■ Task goal ■
Print exactly the lines below between the line containing "Если гражданин в" and the line containing "Im Gegensatz zur", counting both of those lines. Leave pictures out.

■ Data in this exercise ■
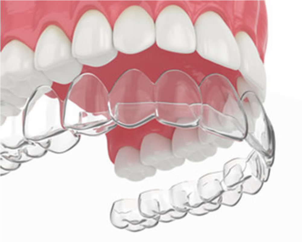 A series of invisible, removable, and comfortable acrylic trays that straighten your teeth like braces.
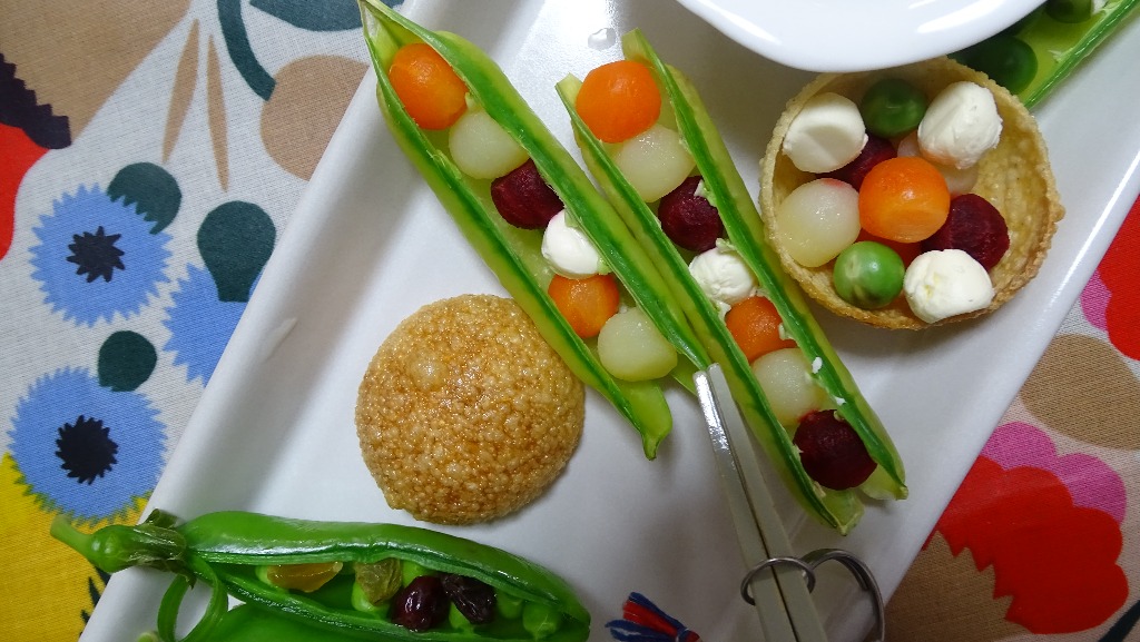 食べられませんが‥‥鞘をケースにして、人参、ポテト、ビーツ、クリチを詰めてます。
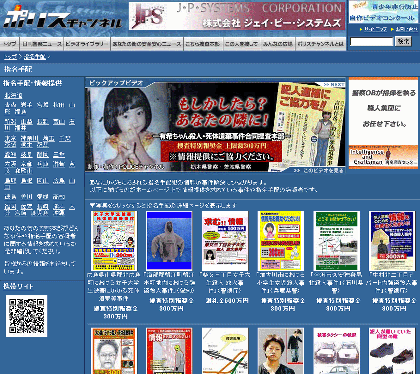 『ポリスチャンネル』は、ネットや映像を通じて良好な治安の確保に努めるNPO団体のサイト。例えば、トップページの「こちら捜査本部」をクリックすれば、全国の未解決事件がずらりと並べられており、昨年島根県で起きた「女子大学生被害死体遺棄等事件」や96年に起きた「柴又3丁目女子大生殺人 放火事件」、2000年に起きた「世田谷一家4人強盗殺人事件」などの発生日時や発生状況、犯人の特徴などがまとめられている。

* * *

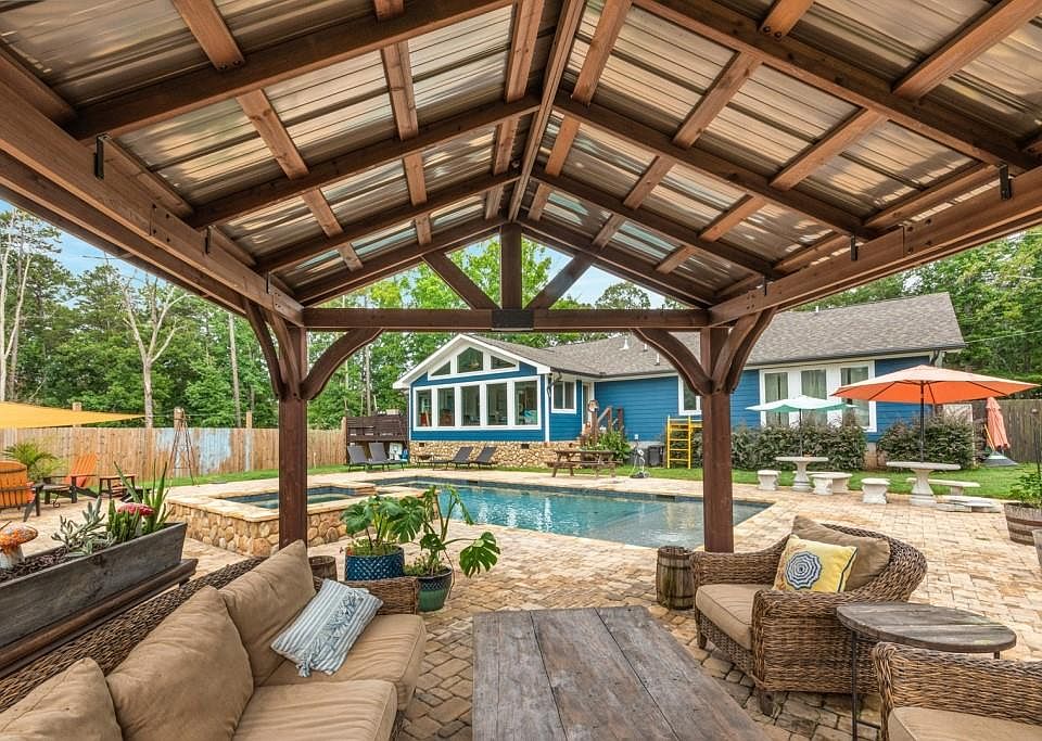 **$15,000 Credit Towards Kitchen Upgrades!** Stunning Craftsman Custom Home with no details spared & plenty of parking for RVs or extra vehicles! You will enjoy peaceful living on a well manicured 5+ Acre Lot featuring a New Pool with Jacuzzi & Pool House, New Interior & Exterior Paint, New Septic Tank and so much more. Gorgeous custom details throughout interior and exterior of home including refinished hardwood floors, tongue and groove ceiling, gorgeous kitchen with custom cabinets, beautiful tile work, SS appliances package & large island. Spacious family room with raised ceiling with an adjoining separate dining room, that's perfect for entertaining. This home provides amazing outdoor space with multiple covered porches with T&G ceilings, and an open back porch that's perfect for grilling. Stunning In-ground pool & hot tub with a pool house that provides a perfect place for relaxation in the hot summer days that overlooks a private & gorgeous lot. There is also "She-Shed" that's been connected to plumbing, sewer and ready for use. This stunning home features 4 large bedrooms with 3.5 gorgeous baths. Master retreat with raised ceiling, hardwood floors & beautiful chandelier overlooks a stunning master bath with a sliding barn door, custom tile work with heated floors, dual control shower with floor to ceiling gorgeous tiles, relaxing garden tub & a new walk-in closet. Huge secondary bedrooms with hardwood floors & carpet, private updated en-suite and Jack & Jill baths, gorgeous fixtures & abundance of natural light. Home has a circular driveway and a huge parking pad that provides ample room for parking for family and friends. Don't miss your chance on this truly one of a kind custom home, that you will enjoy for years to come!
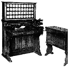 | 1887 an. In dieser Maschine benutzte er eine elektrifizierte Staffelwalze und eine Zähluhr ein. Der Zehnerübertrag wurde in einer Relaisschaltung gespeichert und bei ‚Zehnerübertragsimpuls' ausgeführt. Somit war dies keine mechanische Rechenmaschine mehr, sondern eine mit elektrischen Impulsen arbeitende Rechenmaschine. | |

...

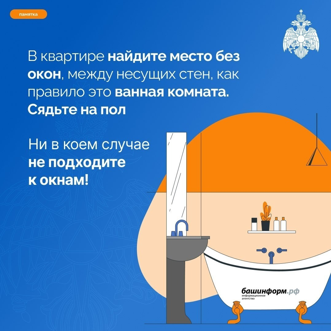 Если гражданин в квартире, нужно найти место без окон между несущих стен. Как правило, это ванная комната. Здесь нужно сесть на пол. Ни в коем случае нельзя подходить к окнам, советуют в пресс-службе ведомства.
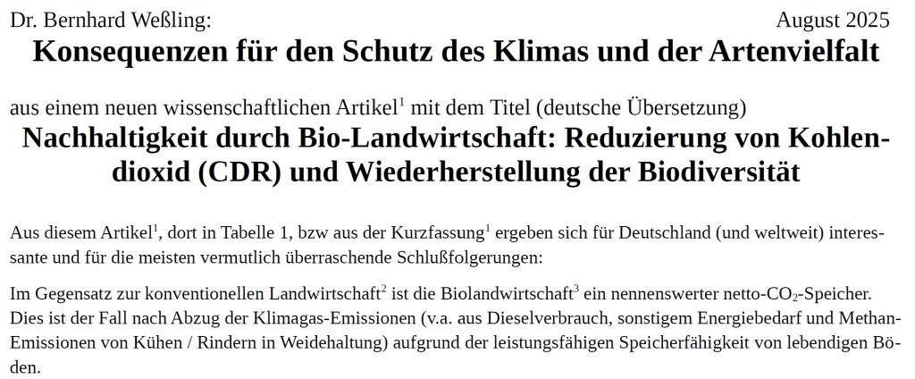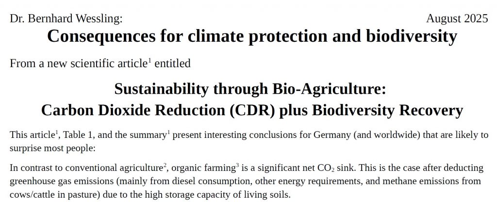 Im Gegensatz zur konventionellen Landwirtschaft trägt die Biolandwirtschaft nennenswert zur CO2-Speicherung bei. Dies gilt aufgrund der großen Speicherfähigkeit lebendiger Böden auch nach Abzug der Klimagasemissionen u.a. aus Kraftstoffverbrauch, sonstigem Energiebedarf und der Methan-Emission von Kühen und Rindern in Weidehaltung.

■ Answer to this task ■
 Если гражданин в квартире, нужно найти место без окон между несущих стен. Как правило, это ванная комната. Здесь нужно сесть на пол. Ни в коем случае нельзя подходить к окнам, советуют в пресс-службе ведомства.
 Im Gegensatz zur konventionellen Landwirtschaft trägt die Biolandwirtschaft nennenswert zur CO2-Speicherung bei. Dies gilt aufgrund der großen Speicherfähigkeit lebendiger Böden auch nach Abzug der Klimagasemissionen u.a. aus Kraftstoffverbrauch, sonstigem Energiebedarf und der Methan-Emission von Kühen und Rindern in Weidehaltung.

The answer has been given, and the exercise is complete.